Saldırılardan hemen sonra bir anda dünya gündemine giren Ladin ve El Kaide örgütü, uzun süre konuşulmuş ve üzerlerine birçok şey yazılıp çizilmişti. Konuşulanlar arasında en dikkat çekici olanı Bin Ladin'in aslında bir Amerikan ajanı olduğuydu. Özellikle Küba devlet başkanı Fidel Castro'nun Ladin hakkında söylediği; “Ladin, ABD eski başkanı George W. Bush dünyayı korkutmak istediği zaman ortaya çıkan bir CIA ajanıdır” şeklindeki sözleri, soru işaretlerini çoğaltmıştı. Hatta Wikileaks belgelerinde, Ladin-Amerikan ilişkileri üzerine çok gizli bilgiler de olduğu zaman zaman dile getirilen bir durumdu.
IŞİD’in ise ortaya çıkışı Bin Ladin’den farklı oldu. ABD bu kez sınırlarının dışında dalgalandırıcı bir eylemle “Nuri Camii’ni merkez seçti. El- Bağdadi halife olduğunu ilan etti. Kirli emellerine merkez ve çıkış noktası yaptığı, Nureddin Mahmut Zengin’in 845 yıl önce yaptırdığı Camii-i Nuri’nin alet ederek hatırasını yerle bir ettiler. ABD’nin Orta Doğu politikasında yeni bir terörizm doğmuştu. Besleyecek, büyütecek, işlerinde çalıştıracak sonra “ulan sen teröristmişsin ya!” dedikten sonra kendi yetmelerine karşı savaş ilan edecekti. Yoksa ABD bölgedeki eşkıyalara nasıl silah satabilirdi ki? Rusya ile içine girdiği güç denkleminden, bölgede bulunma gerekçesini ancak böyle açıklayabilirdi. Şu anda IŞİD nerede? Eylemlerin arkası birden kesildi. IŞİD’ten sonra militanları ortak bir grup olan YPG ağırlık kazanmaya başladı.
EL-KAİDE, IŞİD, YPG… Bu böyle devam edecek yarın isimler değişecek ama amaç asla.

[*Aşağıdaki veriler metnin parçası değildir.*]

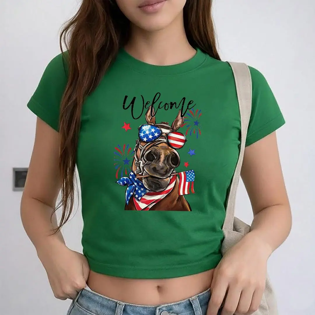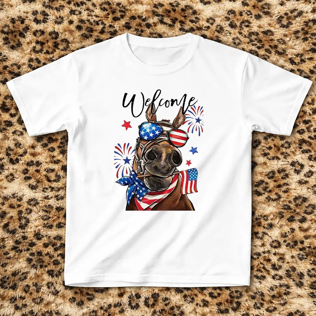 5. Welcome America Horse Baby Tee, Patriotic Cowboy Tee, USA Flag Sunglasses Graphic, 4th of July Gift Idea.

Esed, YPG’ ye neden karışamıyor? Suriye’de ortak müttefiklerimiz Rusya ve İran bile YPG’yi neden gündem yapmıyor? Türkiye’nin muhatapları bu konu da hiçte güven vermiyor.

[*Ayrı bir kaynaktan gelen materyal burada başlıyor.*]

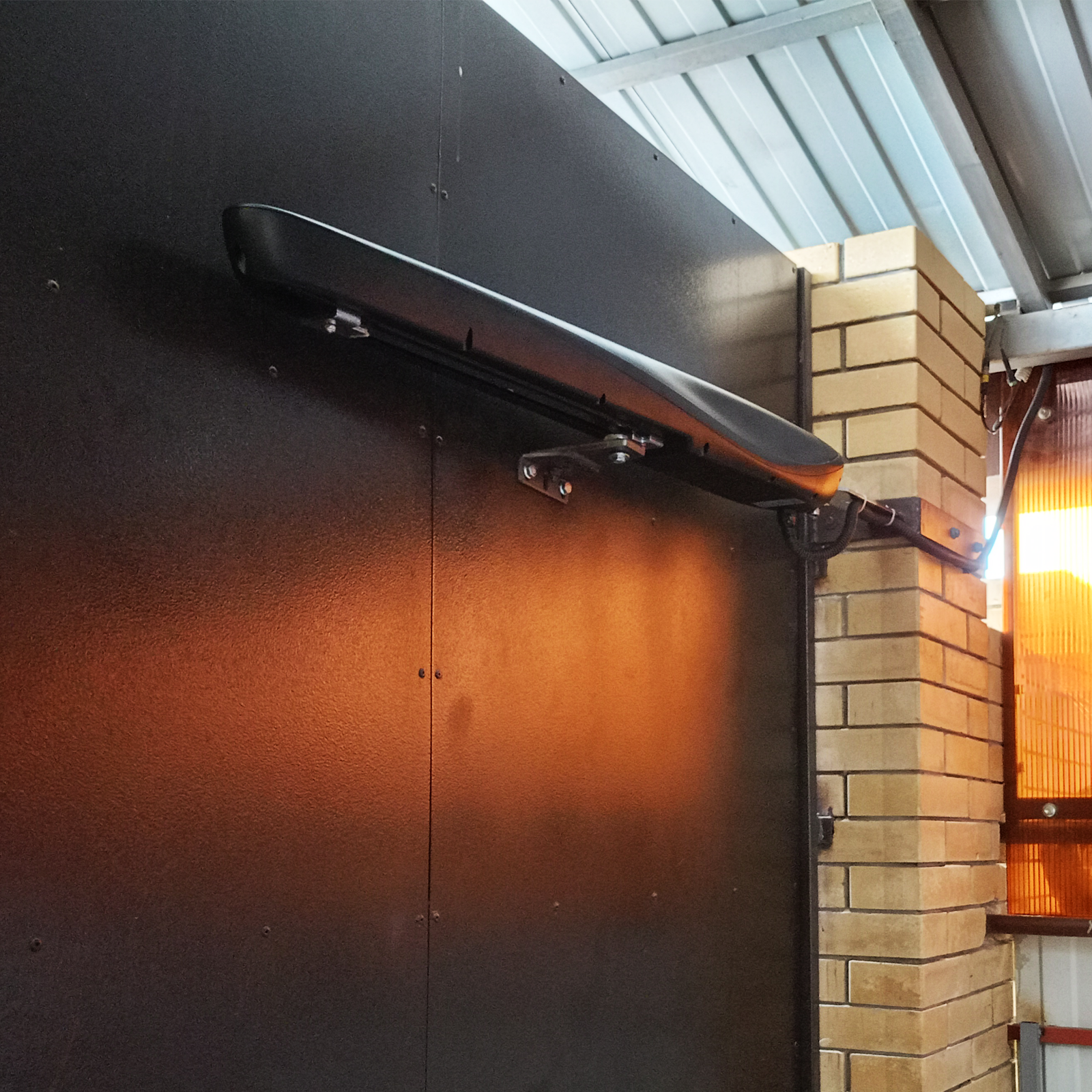 Ворота темного цвета не рекомендуется устанавливать на солнечной стороне. Это связано с тем, что поверхность темных оттенков нагревается быстрее, чем светлых. Из-за высокой разницы температуры внешней и внутренней стороны сэндвич-панелей полотно может начать выгибаться или ломаться. Если клиент хочет установить темные ворота на солнечной стороне здания, мы всегда рекомендуем ему дополнительно установить усиливающие профили, чтобы избежать возможных дефектов.

Gözler Türkiye’nin Kuzey Suriye’ye operasyon yapma ihtimalinde. Şimdilerde taraflı tarafsız herkes karşı taraf oldu. Binlerce tır dolusu silah, eğitilen YPG ile birlikte yeni bir isimle, babası hiç değişmeyecek bir terör grubu daha doğarsa hiç şaşırmam. Dün İkiz Kuleleri ve Nuri Camii’ni kullananlar yarın Suriye’nin başka bir bölgesini meşrulaştırmaya çalışacaklardır.